The Battle of Beecher Island

Monday, August 26, 2013

After the Civil War, in the late 1860s, the land bordering the Republican River in Nebraska and Colorado was a rather busy place. There were still a few mountain men going through on their way to the Rockies, and there was a steady stream of prospectors eager to strike it rich in the gold fields of California, and more recently in the mountains of Colorado. But there was also a smattering of settlers who believed that they could make a living as farmers on these High Plains, that Zebulon Pike, of Pike's Peak fame, had dubbed "The Great American Desert."

By the Medicine Lodge Treaty of 1867 Plains Indian Tribes of Kiowa, Apache, Comanche, Cheyenne and Arapahoe were forced into a considerably smaller area than had been granted previously, but these lands were ceded to these Native Americans for "as long as the grass shall grow."

Under terms of the Treaty, other than traders, educators, and churchmen, whites were prohibited from entering this region. In turn, the Indians guaranteed the safety of travelers along the existing routes along the Platte River.

This land, between the Arkansas River in Kansas and the Platte River in Nebraska was fine prairie grassland, the home of the largest concentration of buffalo on earth. For these Indian Tribes, the buffalo was vital to their existence. Their entire subsistence, their very way of life, depended upon these buffalo herds.

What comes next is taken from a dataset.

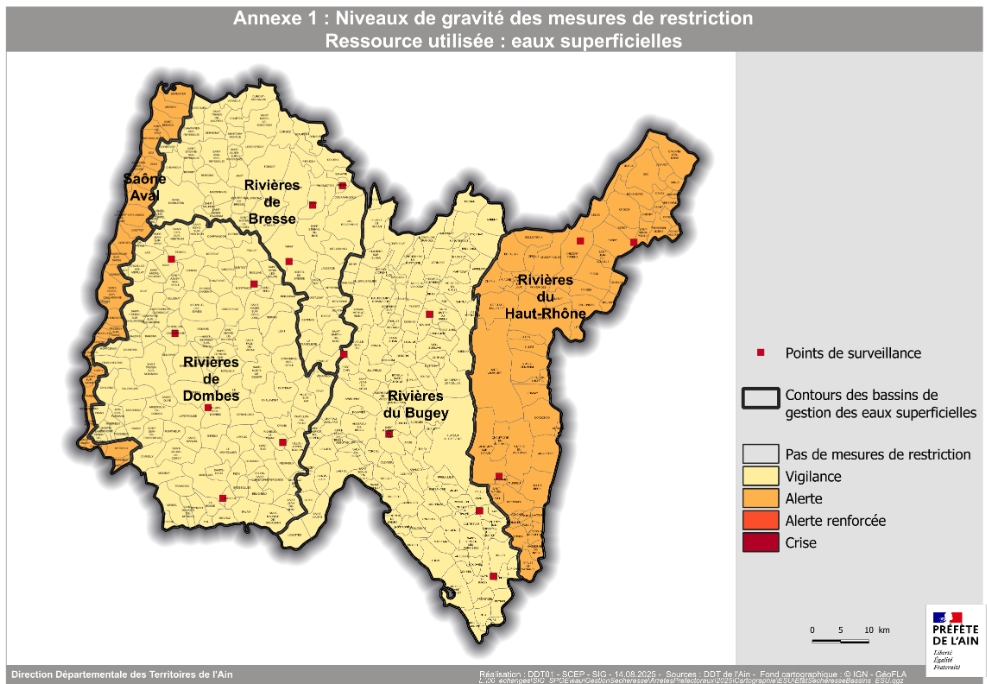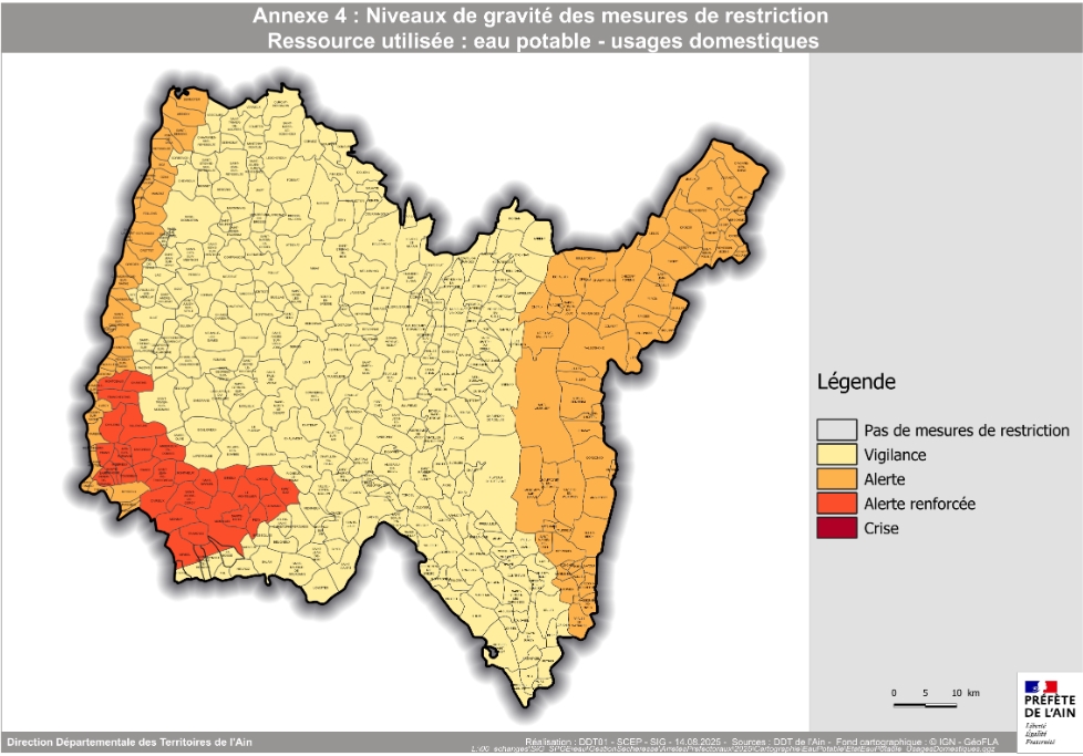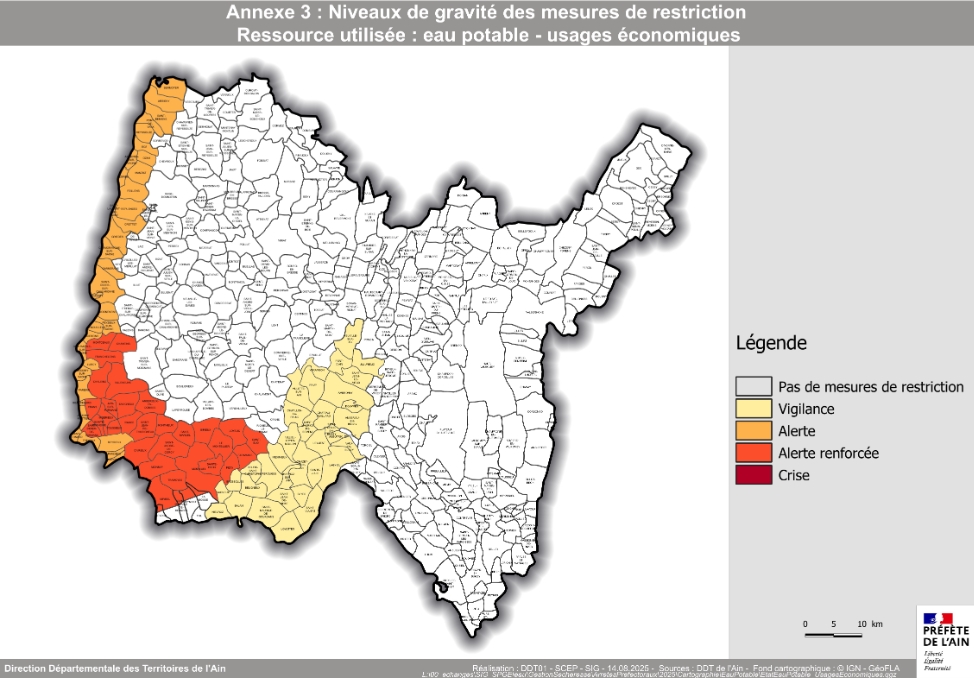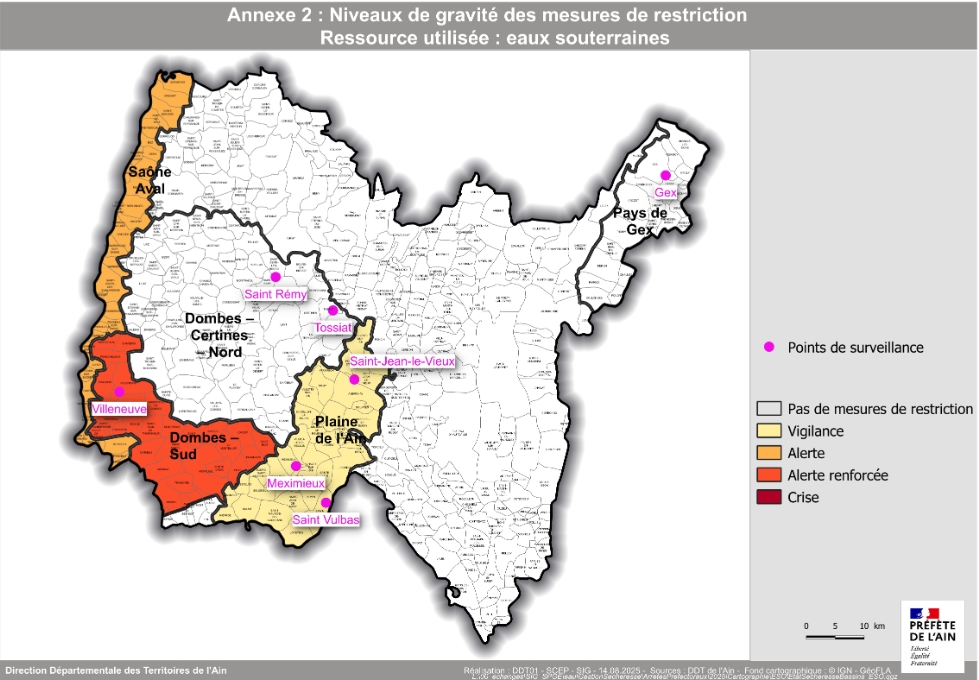 Dans un tel contexte, à l’issue d’une réunion du comité départemental restreint dédié à la gestion conjoncturelle de la sécheresse qui s’est tenue le 14 août 2025, Virginie Guérin-Robinet, secrétaire générale de la préfecture de l’Ain, a décidé de renforcer les dispositions relatives à la sécheresse qui étaient en vigueur depuis le 8 août 2025 en :

Almost as soon as the Medicine Lodge Treaty was signed, the treaty was violated, by both whites and Indians. President Grant soon revoked the law, under tremendous pressure from influential "western expansionists." This effectively opened up the land to the buffalo hunters, traders, and settlers. The Indian Wars resumed with great violence on both sides. Indians overran the few frontier settlements, which were virtually defenseless against such attacks. During the spring and summer of 1868 some 79 settlers were killed on farms, ranches and way stations between Nebraska and Utah in attacks by various tribes of Indians.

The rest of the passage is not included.